- [YOUR GOAL]:
Copy down the listing below exactly. Do not include pictures.

- [ENTRIES SUPPLIED]:
#####

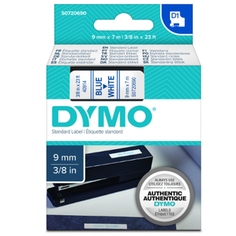 Dymo S0720690 D1 40914 Tape 9mm x 7m Blue on White
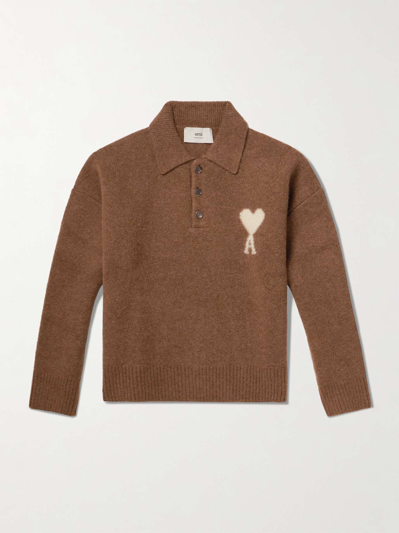 AMI PARIS' sweater is knitted for a slightly loose fit from soft alpaca and wool-blend with a distinctive 'Ami De Coeur' logo intarsia in contrast threads. The polo-style collar and buttoned placket lend it a smarter feel.
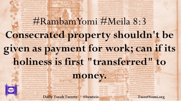 #RambamYomi #Meila 8:3 Consecrated property shouldn’t be given as payment for work; can if it’s holiness is first “transferred” to money.
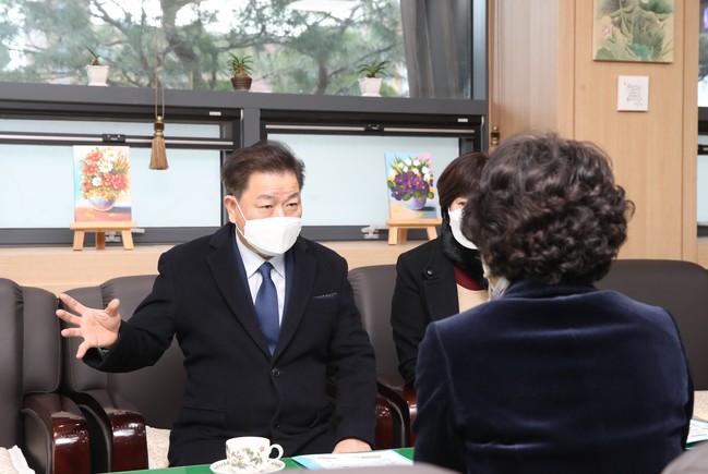 사진/박승원 광명시장은 12월 1일 명문고등학교를 방문해 방역 상황을 점검하고 시험 종료시간까지 수험생이 안전하게 시험에 임할 수 있도록 철저히 준비할 것을 당부했다<광명시청 제공>
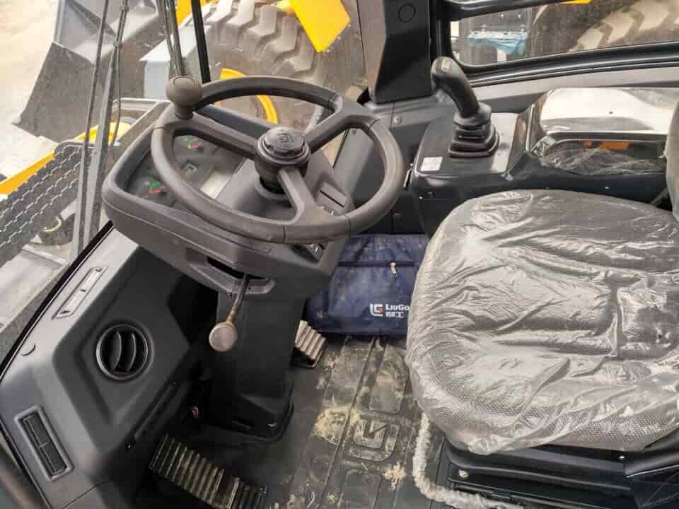Cabin của máy được thiết kế với khoảng không gian rộng rãi, ghế lại ngồi thoải mái tạo cho người lái cảm giác êm ái, thoải mái, không bị đau lưng. Bệ tay chang điều khiển được gắn liền với bệ của ghế việc này làm cho lái máy có tư thế ngồi điều khiển thuận tiên không bị với tay giúp cho thao tác xúc đổ vật liệu được chính xác.
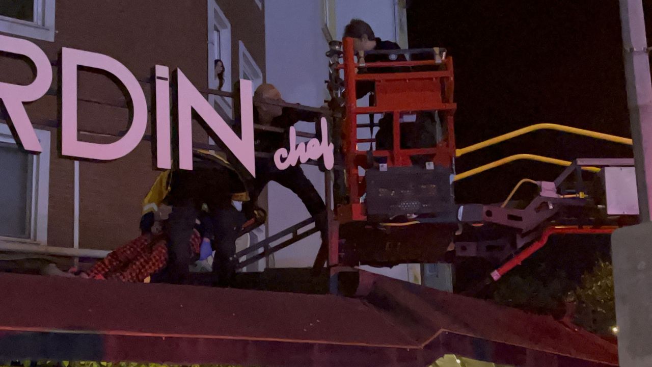 Genç adam, düşüşün etkisiyle binanın altındaki kafenin tentesi üzerinde mahsur kaldı.
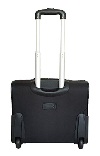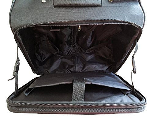 Details: High quality aluminum telescoping handle system expands with push button. 2 Large Durable Wheels. Padded handle on top. Inside: large compartment has 2 straps and attached laptop compartment (dimensions: 10" L x 14.5" H x 2" W). Id tag in back. 2 pockets in front and 1 has a divider. High Quality Construction.
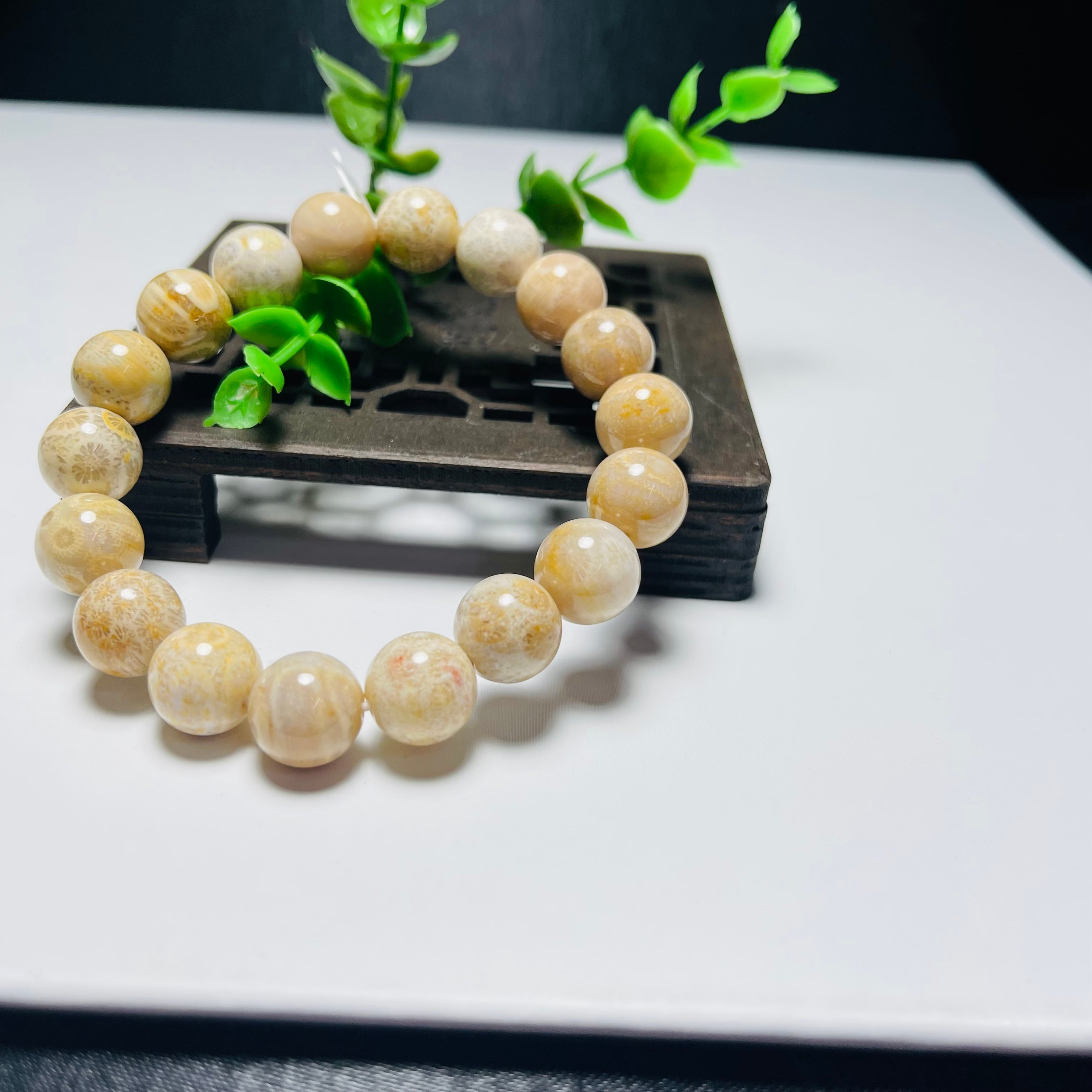イエロー珊瑚化石ブレスレットは、自然の力を身に纏うアクセサリーです。一つ一つの珊瑚化石には、海の底に眠っていた数千年以上の時が刻まれています。
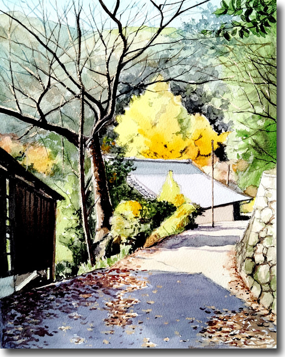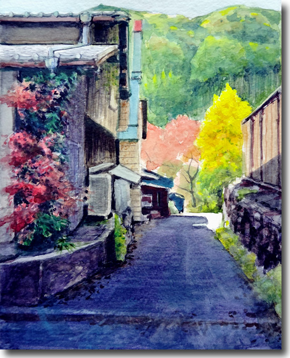 二の瀬紅葉(その6、裏道も紅葉) (水彩 F4 2025-11) |
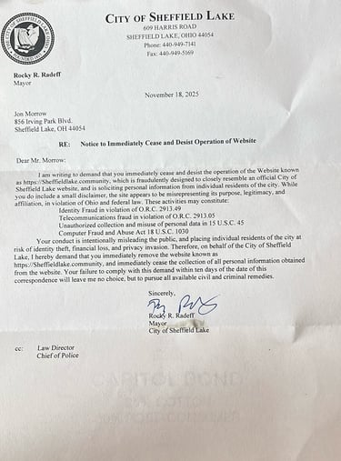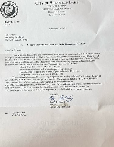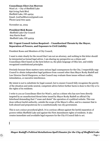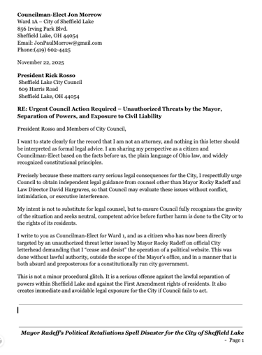 Authorized and maintained by Jon Morrow, Councilman-Elect, Ward 1, City of Sheffield Lake.
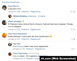 «В Стрелке очень сильно было слышно. Ещё автоматные очереди. Походу что-то сбивают», – уточняет Миша Шнайдер.
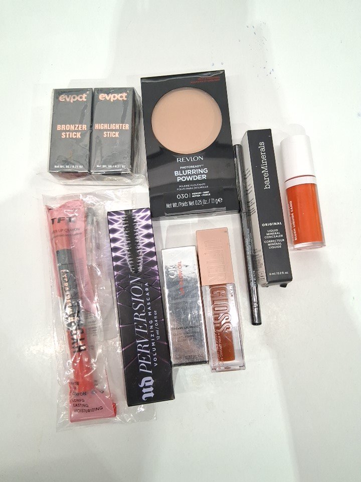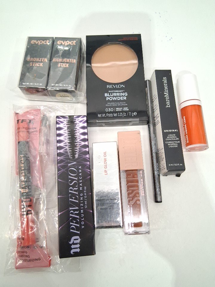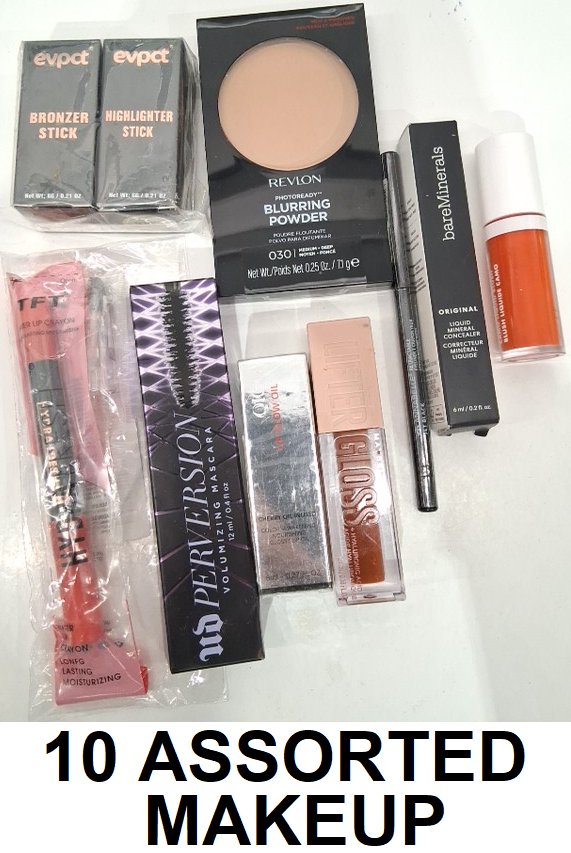 10 assorted makeup - assorted brands, shades and finishes - bronzer / highlight / facce powder / blush / lip gloss / mascara / lipstick / concealer

#####

- [COMPLETED TASK]:
 Dymo S0720690 D1 40914 Tape 9mm x 7m Blue on White
 AMI PARIS' sweater is knitted for a slightly loose fit from soft alpaca and wool-blend with a distinctive 'Ami De Coeur' logo intarsia in contrast threads. The polo-style collar and buttoned placket lend it a smarter feel.
 #RambamYomi #Meila 8:3 Consecrated property shouldn’t be given as payment for work; can if it’s holiness is first “transferred” to money.
 사진/박승원 광명시장은 12월 1일 명문고등학교를 방문해 방역 상황을 점검하고 시험 종료시간까지 수험생이 안전하게 시험에 임할 수 있도록 철저히 준비할 것을 당부했다<광명시청 제공>
Cabin của máy được thiết kế với khoảng không gian rộng rãi, ghế lại ngồi thoải mái tạo cho người lái cảm giác êm ái, thoải mái, không bị đau lưng. Bệ tay chang điều khiển được gắn liền với bệ của ghế việc này làm cho lái máy có tư thế ngồi điều khiển thuận tiên không bị với tay giúp cho thao tác xúc đổ vật liệu được chính xác.
 Genç adam, düşüşün etkisiyle binanın altındaki kafenin tentesi üzerinde mahsur kaldı.
 Details: High quality aluminum telescoping handle system expands with push button. 2 Large Durable Wheels. Padded handle on top. Inside: large compartment has 2 straps and attached laptop compartment (dimensions: 10" L x 14.5" H x 2" W). Id tag in back. 2 pockets in front and 1 has a divider. High Quality Construction.
イエロー珊瑚化石ブレスレットは、自然の力を身に纏うアクセサリーです。一つ一つの珊瑚化石には、海の底に眠っていた数千年以上の時が刻まれています。
 二の瀬紅葉(その6、裏道も紅葉) (水彩 F4 2025-11) |
 Authorized and maintained by Jon Morrow, Councilman-Elect, Ward 1, City of Sheffield Lake.
 «В Стрелке очень сильно было слышно. Ещё автоматные очереди. Походу что-то сбивают», – уточняет Миша Шнайдер.
 10 assorted makeup - assorted brands, shades and finishes - bronzer / highlight / facce powder / blush / lip gloss / mascara / lipstick / concealer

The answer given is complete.